This Mental Health Month and Beyond, Collaboration Helps Police Serve Safely

Jackson Beck Senior Program Associate
May 23, 2019

People with mental illnesses and developmental disabilities are more likely to encounter police than get medical help when they’re in crisis.

Lapses in communication—an individual in crisis struggling to understand an officer’s command, an officer misinterpreting that struggle as willful noncompliance and countering more aggressively, exacerbating the crisis—make these encounters unpredictable for officers and vulnerable community members alike. Too often, people are arrested and then incarcerated following a crisis—rather than referred to community-based support and treatment.

A year ago, the Vera Institute of Justice—supported through a cooperative agreement with the Bureau of Justice Assistance and working alongside project partners—launched Serving Safely. This initiative recognizes that law enforcement agencies must work collaboratively with advocates and service providers to develop response programs that support the immediate safety—as well as the long-term well-being—of people in crisis. Communities may pursue a variety of models to successfully respond to crisis situations, such as

  • Crisis Intervention Teams (CIT), in which law enforcement agencies build health care and advocacy partnerships and participating officers receive a 40-hour comprehensive training on various mental health-related topics, including de-escalation and community-based services;
  • Disability Response Teams (DRT), which bring together law enforcement, victim service providers, legal professionals, and advocates to uncover and problem-solve community-specific challenges around the intersection of criminal justice and disability, culminating in a Pathways to Justice training;
  • co-responder teams, in which mental health clinicians are embedded with responding police officers; or
  • case management teams, in which police and mental health professionals work together to provide outreach and follow-up to individuals identified as high utilizers of emergency response systems.

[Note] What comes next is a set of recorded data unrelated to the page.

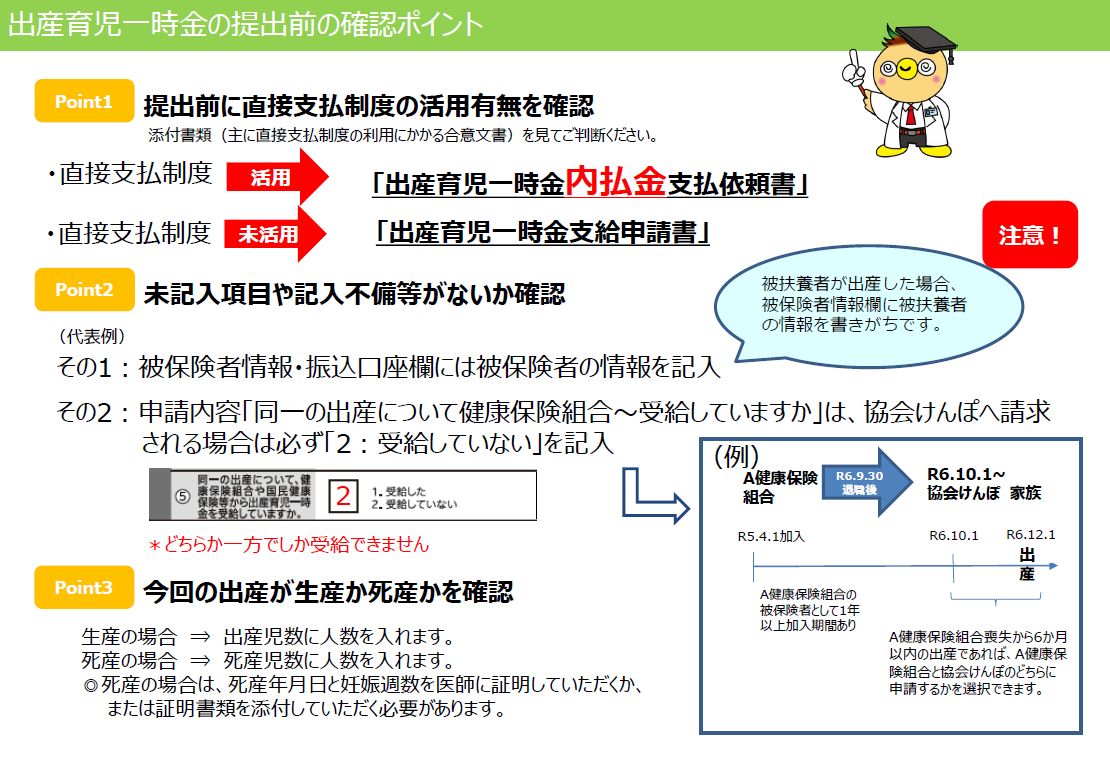 タイトル:「出産育児一時金申請書」記載時のポイント 発行者:全国健康保険協会 発行時期:2025年3月 ページ数:4ページ 概要:このリーフレットは、出産育児一時金の提出前の確認ポイントについて説明している。直接支払制度 […]
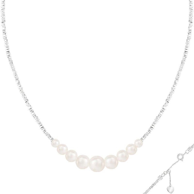 Sterling Silver 4-8mm White Freshwater Pearl Necklace 18" + 1" Extender
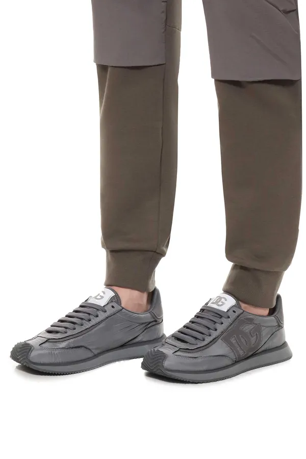 DOLCE&GABBANA КРОССОВКИ DG CUSHION Т/СЕРЫЕ НЕЙЛОН, СБОКУ ЛОГО DG, ПРОРЕЗИНЕН.НОС, КОЖАНАЯ ПЯТКА, К=2,5
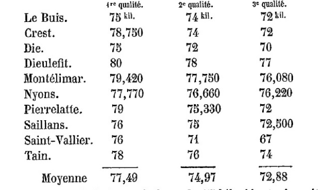 1° – Le poids de l’hectolitre de blé, constaté officiellement par trois épreuves, n’est pas encore bien connu pour 1867. Voici les résultats signalés jusqu’à ce jour :
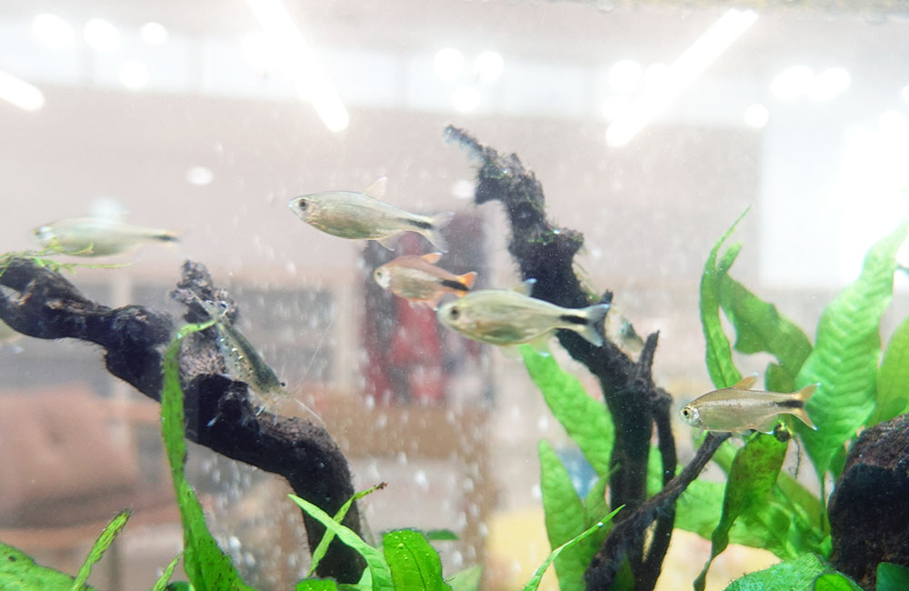 こちらの水槽には、赤と青のコントラストが美しい『カージナルテトラ』や、金色が映える『ゴールデングラミー』などの小型淡水魚を導入しています。
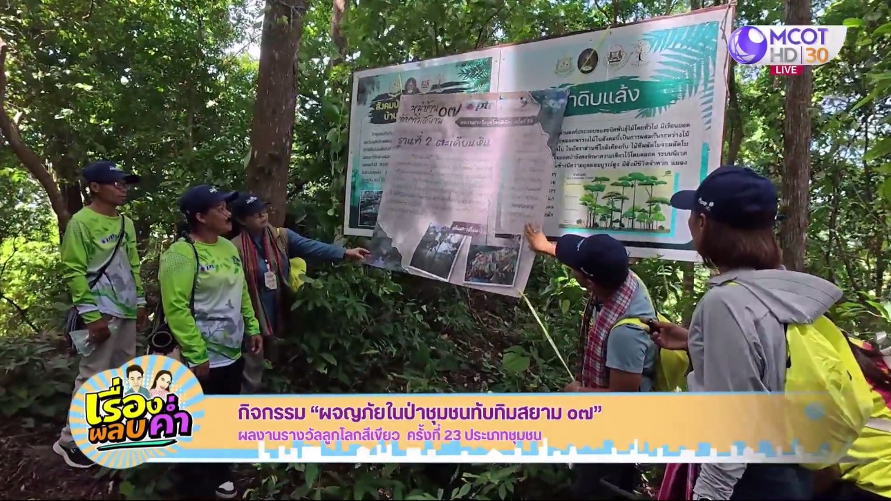 30 ก.ค. – สถาบันลูกโลกสีเขียว ปตท. ร่วมกับรายการ “เรื่องพลบค่ำ” พาแฟนๆ รายการไปร่วมกิจกรรม “ผจญภัยในป่าชุมชนทับทิมสยาม ๐๗” ซึ่งได้รับรางวัลลูกโลกสีเขียว ครั้งที่ 23 ประเภทชุมชน ที่หมู่บ้านทับทิมสยาม ๐๗ จ.ศรีสะเกษ. – สำนักข่าวไทย
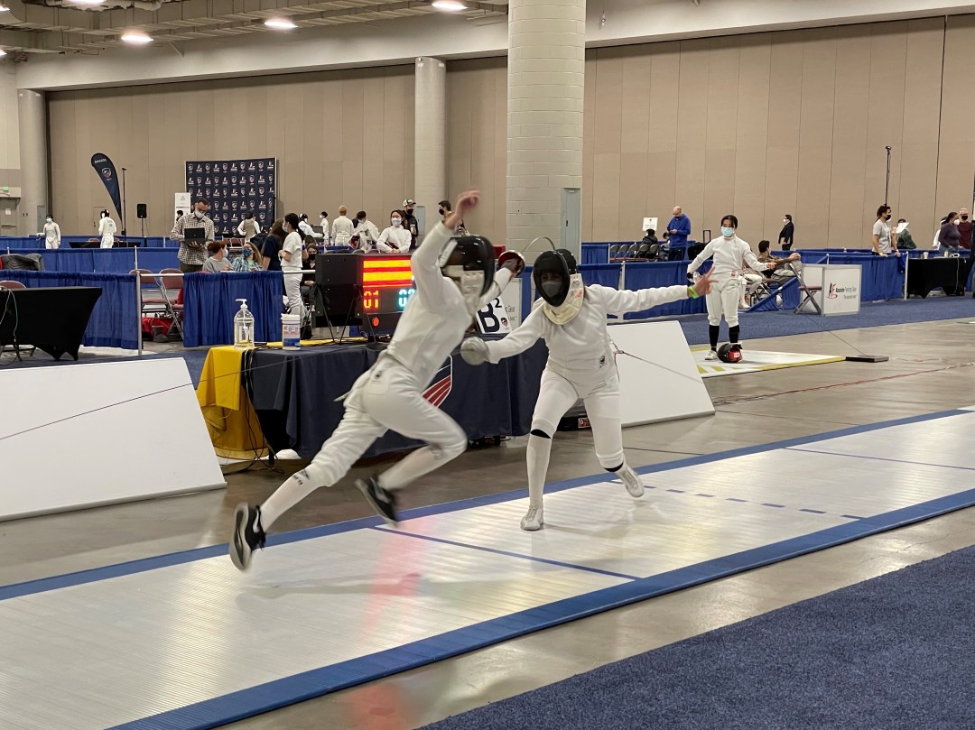 RDF fencer Ava traveled to Salt Lake City, UT to compete at Junior Olympics, which is national championships for the Junior and Cadet age divisions. In Cadet Women’s Epee on Monday, she finished 157th and made some great touches. She was pleased by her improving ability to emotionally recover from a loss, and some things she’s been working on in practice came together in competition, which is always a good feeling for a fencer!

With partners in the fields of policing, mental health, intellectual and developmental disability (I/DD), peer advocacy, prosecution, emergency medicine, and technology development, this national initiative has modeled the value of such multidisciplinary teams in addressing the complex challenges facing police departments every day.

Over the last year, we have

  • provided training and technical assistance to more than 50 police departments, prosecutors’ offices, and public safety emergency communications representatives (911 call-takers and dispatchers), and facilitated dialogue among law enforcement, mental health, and I/DD partners to ensure sustained collaboration;
  • consulted a wide range of stakeholders and reviewed the literature to uncover important research gaps and identify opportunities for future exploration that can advance best practices and policies in the field; and
  • developed resources to better equip police executives, prosecutors’ offices, service providers, advocates, and people with mental illnesses and developmental disabilities to participate meaningfully in the development of response programs.

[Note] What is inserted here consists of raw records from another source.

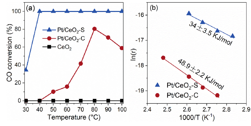 The Pt/CeO2 samples were evaluated by the model reaction of CO oxidation. The CO conversions in Fig. 2(a) demonstrate that the Pt/CeO2-S with coherent interface outperforms the Pt/CeO2-C in a temperature range between 30 and 100 °C. The CO oxidation rate of Pt/CeO2-S catalyst increases rapidly with reaction temperature and reaches complete conversion at 40 °C. In addition, as shown in Fig. 2(b), the apparent activation energy (Ea), measured in the kinetics-control region of Pt/CeO2-S was determined to be 34.0 kJ/mol, which is much lower than the value of Pt/CeO2-C (48.9 kJ/mol). There are likely two contributing factors for the superior catalytic performance of Pt/CeO2-S. First, the fine distribution of Pt NPs size provides more sites for the reaction. Second, the electronic interaction between Pt and CeO2 in Pt/CeO2-S due to the in situ formed coherent interface may be stronger than that in Pt/CeO2-C [34].
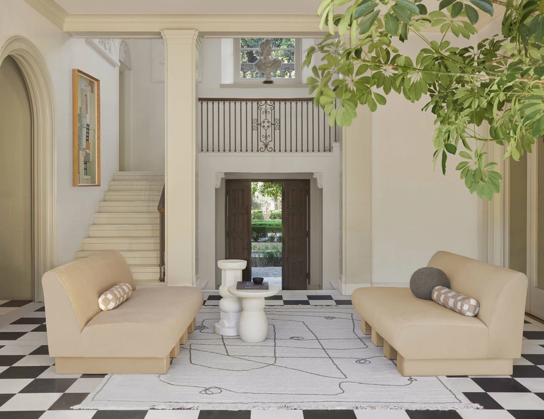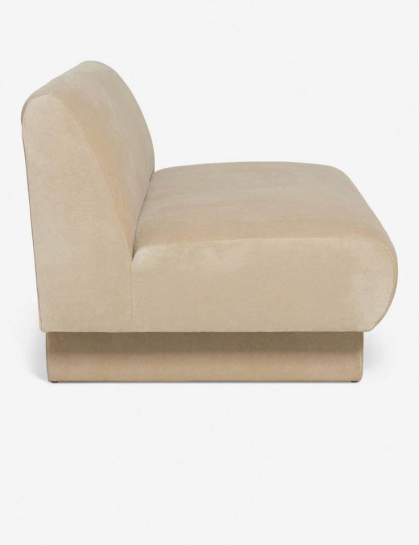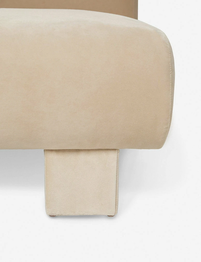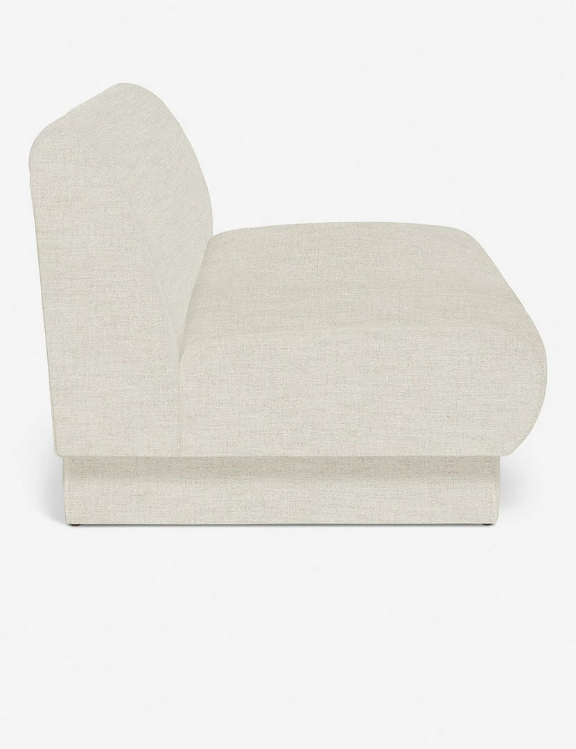 Add polish to your space with this sofa featuring an armless, streamlined design for the ultimate in comfort and style. Upholstered beam legs add an artful detail and give this living room sofa a subtle, airy feel. This piece is from our exclusive Sarah Sherman Samuel collaboration and features all the trademarks of her warm, edited style.
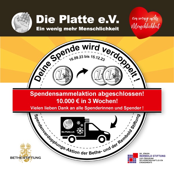 Innerhalb von nur drei Wochen hat der Verein Die Platte e.V. 10.000 Euro für ein dringend benötigtes Kühlfahrzeug eingesammelt. Damit können gespendete Lebensmittel ohne Untebrechung der Kühlkette an Bedürftige geliefert werden. Unterstützt wird die Spendenaktion von der Bethe-Stiftung und der Rembold Stiftung mit jeweils 5.000 Euro.
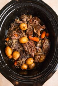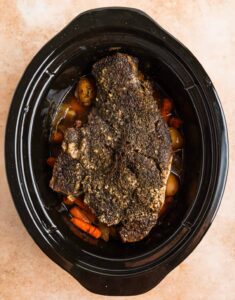 - Cook: Cover and cook on low for 8–10 hours or high for 5–6 hours, until beef is fork-tender.
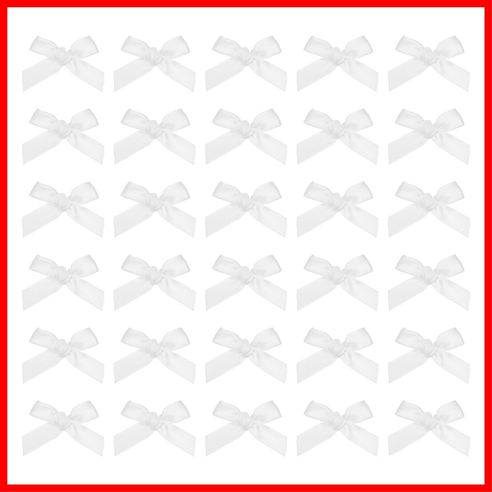 uxcell 50個 ミニリボンボウ4.5 cmミニファブリックサテンリボンフラワーボウ クラフトDIY製作 ウェディング バースデーパーティー ホワイト
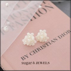 小ぶりのクリアフラワーがあしらわれたピアス。
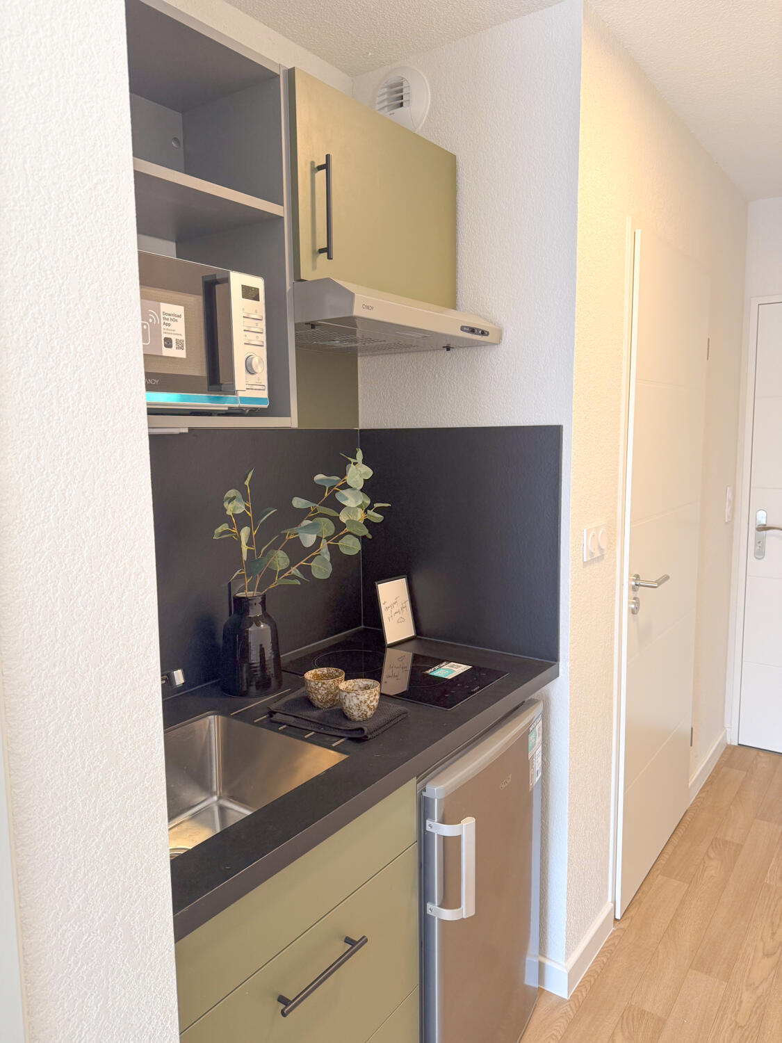Cada apartamento está completamente equipado: cocina funcional, baño privado, muebles contemporáneos y conexión a internet de alta velocidad. Las zonas comunes fomentan la interacción y la relajación: un gimnasio totalmente equipado, espacios de coworking tranquilos y decorados con gusto, un acogedor espacio de convivencia para socializar y zonas exteriores ajardinadas con terraza, bolera, barbacoa y mesa de ping-pong.

This Mental Health Awareness Month, we reaffirm our commitment to building, supporting, and improving collaborative responses to people in crisis and reflect on the lessons learned from Serving Safely’s efforts to date. For example, although police departments nationwide are increasingly recognizing the need to offer training in this area, many agencies lack the resources and institutionalized expertise to conduct trainings consistently and over time. Ongoing training is especially important in those departments where high attrition reduces the number of trained officers available to respond to crises at any given time. And some departments cover only mental illness in their trainings and do not address I/DD, which means officers may not understand the unique communication challenges some people with I/DD experience during police encounters, nor the services they might rely on for long-term support.

For many departments, there remains a need for greater coordination with community partners to ensure that police can direct people with mental illnesses and developmental disabilities to treatment, support, and other resources when appropriate. Even where coordination is strong, departments may need to consider additional efforts to raise community awareness, measure their programs’ impact, and explore opportunities to innovate and tailor their responses based on the resources available in the community.

By providing training and technical assistance across the country, identifying research gaps in crisis response services, and developing tools for the field, Serving Safely has enhanced police departments’ capacity to respond effectively to people in crisis. At the same time, the initiative has shed light on the ways in which police working alone are ill-equipped and over-extended as the default first responders to people in need. Future research and investment in crisis response should explore new and expanded resources and partnerships that help communities improve safety for all.